§ Information supplied

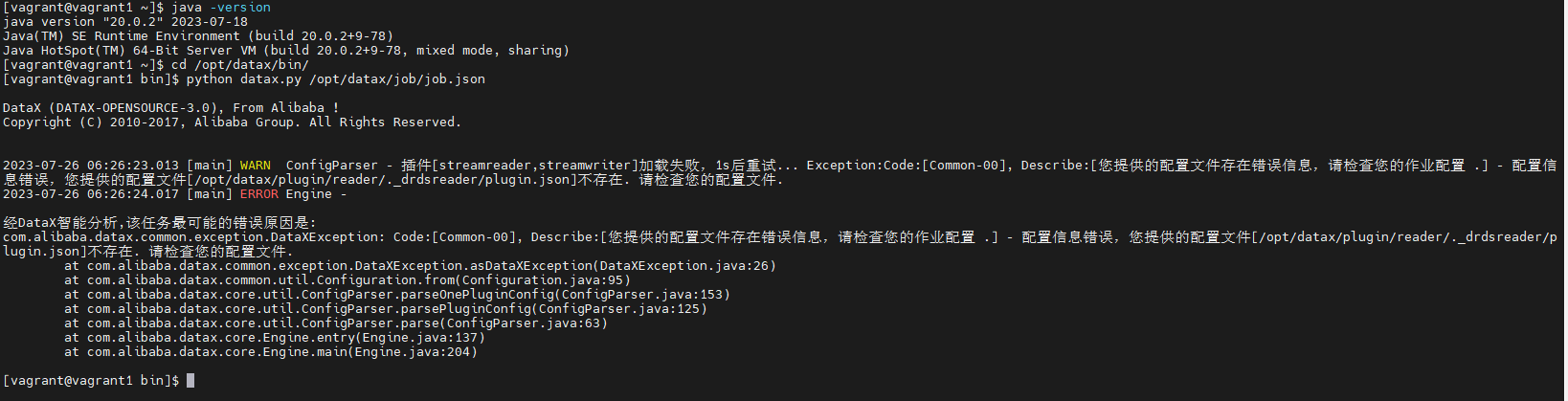 python datax.py /opt/datax/job/job.json可能出现报错,报错为 [您提供的配置文件存在错误信息... plugin.json ] 不存在:
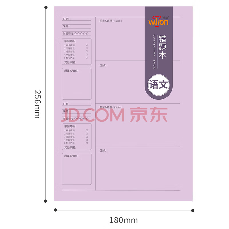 商品相册:惠朗(huilang)B5语文错题本 学生胶装纠错本改错本 学生错题整理本 40张/本 4本/包 1284第1张/共4
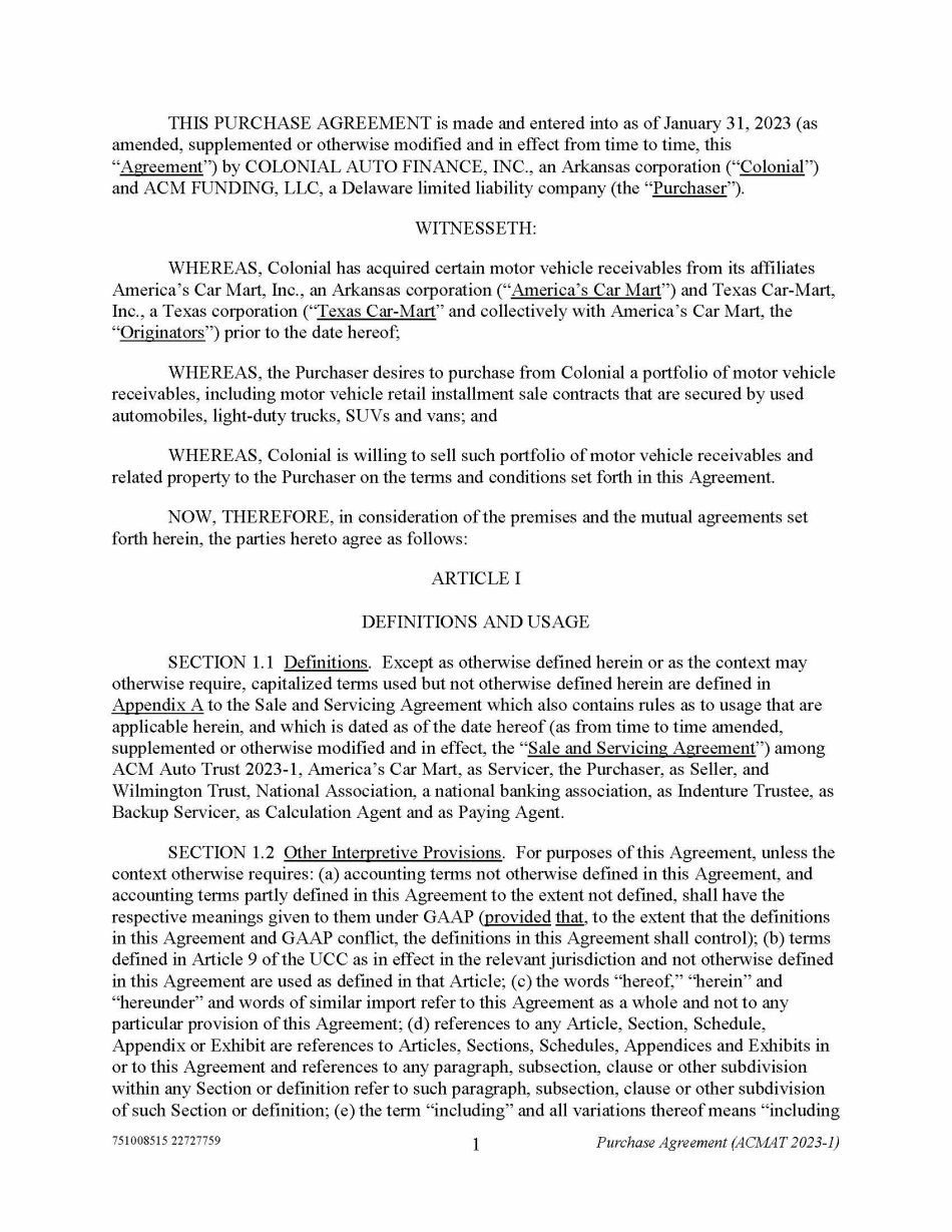 751008515 22727759 1 Purchase Agreement (ACMAT 2023 - 1) THIS PURCHASE AGREEMENT is made and entered into as of January 31, 2023 (as amended, supplemented or otherwise modified and in effect from time to time, this “ Agreement ”) by COLONIAL AUTO FINANCE, INC., an Arkansas corporation (“ Colonial ”) and ACM FUNDING, LLC, a Delaware limited liability company (the “ Purchaser ”). WITNESSETH: WHEREAS, Colonial has acquired certain motor vehicle receivables from its affiliates America’s Car Mart, Inc., an Arkansas corporation (“ America’s Car Mart ”) and Texas Car - Mart, Inc., a Texas corporation (“ Texas Car - Mart ” and collectively with America’s Car Mart, the “ Originators ”) prior to the date hereof; WHEREAS, the Purchaser desires to purchase from Colonial a portfolio of motor vehicle receivables, including motor vehicle retail installment sale contracts that are secured by used automobiles, light - duty trucks, SUVs and vans; and WHEREAS, Colonial is willing to sell such portfolio of motor vehicle receivables and related property to the Purchaser on the terms and conditions set forth in this Agreement. NOW, THEREFORE, in consideration of the premises and the mutual agreements set forth herein, the parties hereto agree as follows: ARTICLE I DEFINITIONS AND USAGE SECTION 1.1 Definitions . Except as otherwise defined herein or as the context may otherwise require, capitalized terms used but not otherwise defined herein are defined in Appendix A to the Sale and Servicing Agreement which also contains rules as to usage that are applicable herein, and which is dated as of the date hereof (as from time to time amended, supplemented or otherwise modified and in effect, the “ Sale and Servicing Agreement ”) among ACM Auto Trust 2023 - 1, America’s Car Mart, as Servicer, the Purchaser, as Seller, and Wilmington Trust, National Association, a national banking association, as Indenture Trustee, as Backup Servicer, as Calculation Agent and as Paying Agent. SECTION 1.2 Other Interpretive Provisions . For purposes of this Agreement, unless the context otherwise requires: (a) accounting terms not otherwise defined in this Agreement, and accounting terms partly defined in this Agreement to the extent not defined, shall have the respective meanings given to them under GAAP ( provided that , to the extent that the definitions in this Agreement and GAAP conflict, the definitions in this Agreement shall control); (b) terms defined in Article 9 of the UCC as in effect in the relevant jurisdiction and not otherwise defined in this Agreement are used as defined in that Article; (c) the words “hereof,” “herein” and “hereunder” and words of similar import refer to this Agreement as a whole and not to any particular provision of this Agreement; (d) references to any Article, Section, Schedule, Appendix or Exhibit are references to Articles, Sections, Schedules, Appendices and Exhibits in or to this Agreement and references to any paragraph, subsection, clause or other subdivision within any Section or definition refer to such paragraph, subsection, clause or other subdivision of such Section or definition; (e) the term “including” and all variations thereof means “including

§ Work request
Give again, exactly, the lines from the start of the data through the one holding "商品相册:惠朗(huilang)B5语文错题本 学生胶装纠错本改错本 学生错题整理本"; omit the pictures.

§ Result
 python datax.py /opt/datax/job/job.json可能出现报错,报错为 [您提供的配置文件存在错误信息... plugin.json ] 不存在:
 商品相册:惠朗(huilang)B5语文错题本 学生胶装纠错本改错本 学生错题整理本 40张/本 4本/包 1284第1张/共4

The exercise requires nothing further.